Thursday, November 17, 2011

Going French with Eric Beecher - Civil Society Journalism


Eric Beecher is probably Melbourne’s most outstanding media entrepreneur. To all intents and purposes he is a self-made media mogul, albeit on a small global scale and thankfully perhaps, one who did not inherit his media products from a parent. In this way he epitomises the spirit of liberal capitalism, which welcomes hard work, innovation and determination to take and make money in the marketplace.

The take and make framework is a well established model for all manner of enterprises – with some exceptions, namely the media. In Australia there are well known models of state funding for industries that cannot survive without Federal and State Government support. The Australian Film Industry, Ballet, Opera, Orchestral Music, Literature, Children’s Television are obvious ones which are all variously supported and defended by keepers of whatever faith is being promulgated therein.
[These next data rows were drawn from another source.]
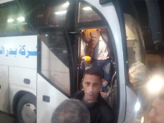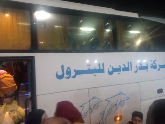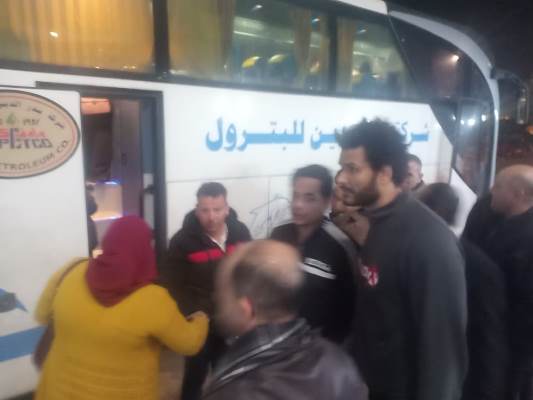 حصرى..صور لحظة وصول أتوبيس العاملين فى ابسكو من حادث شرم الشيخ أمام مقر بدر الدين للبترول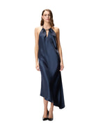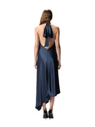 Abito lungo e aderente senza maniche, reso unico dall'orlo asimmetrico e impreziosito da boule in metallo in corrispondenza dello scollo all'americana. Un tocco di sensualità è dato dalla schiena scoperta accarezzata dal drappo legato al collo che cade libero regalando movimento. Il raso lucido conferisce una lucentezza unica e una mano particolarmente morbida al capo. Indossa questo design per un effetto fluido e scivolato che esalta con eleganza e raffinatezza le linee e la silhouette femminile.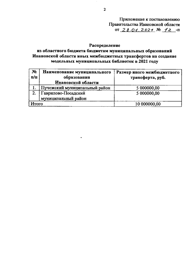 Постановление Правительства Ивановской области от 28.01.2021 N 12-п "О распределении из областного бюджета бюджетам муниципальных образований Ивановской области иных межбюджетных трансфертов на создание модельных муниципальных библиотек в 2021 году"

Film buffs will defend to the death Australian cinema and government support. Ask an opera buff to give up that boondoggle and all hell will break loose. This narrative is played out over and over again and with good reason. Civil society in Australia and around the world is enriched by public support for otherwise unsustainable artistic activity. It is a long and worthy list.

So it was both a surprise yet nothing new to read the submission from Eric Beecher to the Australian Government’s Media Inquiry. Mr Beecher is advocating for an Australia Council-like institution to fund what he considers ‘quality journalism’.  
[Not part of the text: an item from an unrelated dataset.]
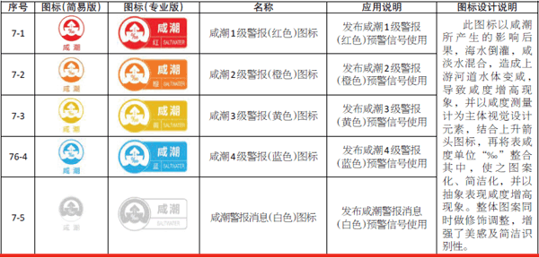 咸潮,又称咸潮上溯、盐水入侵,是一种天然水文现象。当淡水河流量不足,令海水倒灌,咸淡水混合造成上游河道水体变咸,形成咸潮。咸潮一般发生于冬季或干旱的季节,即每年10月至翌年3月之间出现在河海交汇处,例如长三角、珠三角周边地区。影响咸潮的主要因素有天气变化及潮汐涨退。尤其在天文大潮时,咸潮上溯的情况更为严重。咸潮往往给沿海地区居民生活用水、工业生产以至农业灌溉造成不良影响。近日,国家海洋局预报减灾司印发的《海洋灾害预警报标示符》技术文件,规定了红、橙、黄、蓝、白5级,海浪、海啸、风暴潮、海冰、赤潮、海雾、海水低温、咸潮8类海洋灾害预警信号图标。本期继续为读者介绍咸潮预警信号图标。 |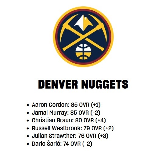 掘金方面,近期表現(xiàn)出色的威少+2漲至79,布勞恩+4躍升至80,斯特勞瑟+3來到76,阿隆-戈登+1到了85。

He also refers in the document to ‘public trust journalism’ and ‘meaningful journalism enterprises,’ suggesting that the categorization of what he considers worthy of promoting is mercurial at best. Unfortunately, he complicates the matter and his argument by talking about ‘commercial journalism,’ when what he seems to really mean is a type of journalism that makes civil society in Australia worthy of the name.    
 ‘Australian governments should engage in serious discussion and analysis of the potential collateral damage that could be inflicted on our civic society if expensive commercial-sector quality journalism is no longer viable,’ Beecher said in his submission.

‘This could be done – as it is France, on a large scale – by the creation of independently administered government incentives that foster media start-ups and innovative commercial journalism ventures. This approach, possibly using an independent funding mechanism like the Australia Council, could allocate grants on a project basis (to independent publishers as well as ventures such as The Australian Literary Review), would expand the diversity of ownership of independent journalism.’
Mr Beecher makes it clear that he is not in favour of questions about government funding of quality journalism.

‘The relevant question is not: “Is government funding of public trust journalism a bad idea?” The relevant question is: “What kind of country would we have if the commercial funding of quality journalism was devalued to the point where it no longer fulfilled its historic watchdog role?”’

Do we need a new category of journalism? How about civil society journalism? This is journalism that meets the old standards of social responsibility journalism by meeting the obligation to inform and educate and entertain. It would go beyond the claims that social responsibility journalism does little more than reflect the limited imagination that drives ‘responsibility’: the kind of ‘to whom much is given much is expected’ kind of cant, which every dubious evangelist mouths with cherubic solicitude.
Civil society journalism will not be directed to the good and the great, the educated and the excellent – in other words, the elites of society. It will be a much more complicated beast, a multi-headed hydra that represents the diverse interests pulling and pushing at society.

Curiously, civil society journalism already exists and has a name: it is the internet.
The bottom line here is that what Mr Beecher wants is journalism that is not News Corporation. In making this case for diversity of ownership he is absolutely correct – various cities in Australia are dominated by News Corporation publications. Brisbane and Adelaide, Hobart and Darwin citizens have few print media options but a News Corporation perspective.

News Corporation journalists and editors wave their hands in protest at suggestions that there is a News Corporation line and rightly so. Every paper has a line. Why Australian news organizations persist with the myth that there is an objective style of journalism, or that there is no bias is a waste of time.

The fact remains that all information is determined by its source and the forces that impinge of that source. This fact is well known from the history of The New Journalism which emerged in the 1960s, as a means of placing the messenger in first person form in the story. And yet we persist with the idea that journalists are capable of reporting some objective truth.

What we need are clear rules about enhancing the flow of information to citizens so that there is some confidence that as much as possible is available for scrutiny.

Mr. Beecher’s proposal for a funding organization to support quality journalism has value. However, it is not in the self-serving call for a public organization to offset News Corporation’s hegemony. It is revealing that Mr. Beecher believes that the refined tastes of traditional values and history should be embodied in quality journalism. In the era of the internet, such an appeal is conservative, and Mr Beecher is what I would consider a good Melbourne liberal.

These days, journalism is open to all sorts of abuses, mostly through the internet. Furthermore, most citizens under 35 gather their news from social media cites, not from newspapers.

Certainly the French have a grand idea for publicly funding full coverage of French society. That should go with their interest in the values of equality liberty and fraternity. The question for Mr Beecher and for anyone who cares about civil society, is how Australia can create an institution that promotes those values within the take and make framework.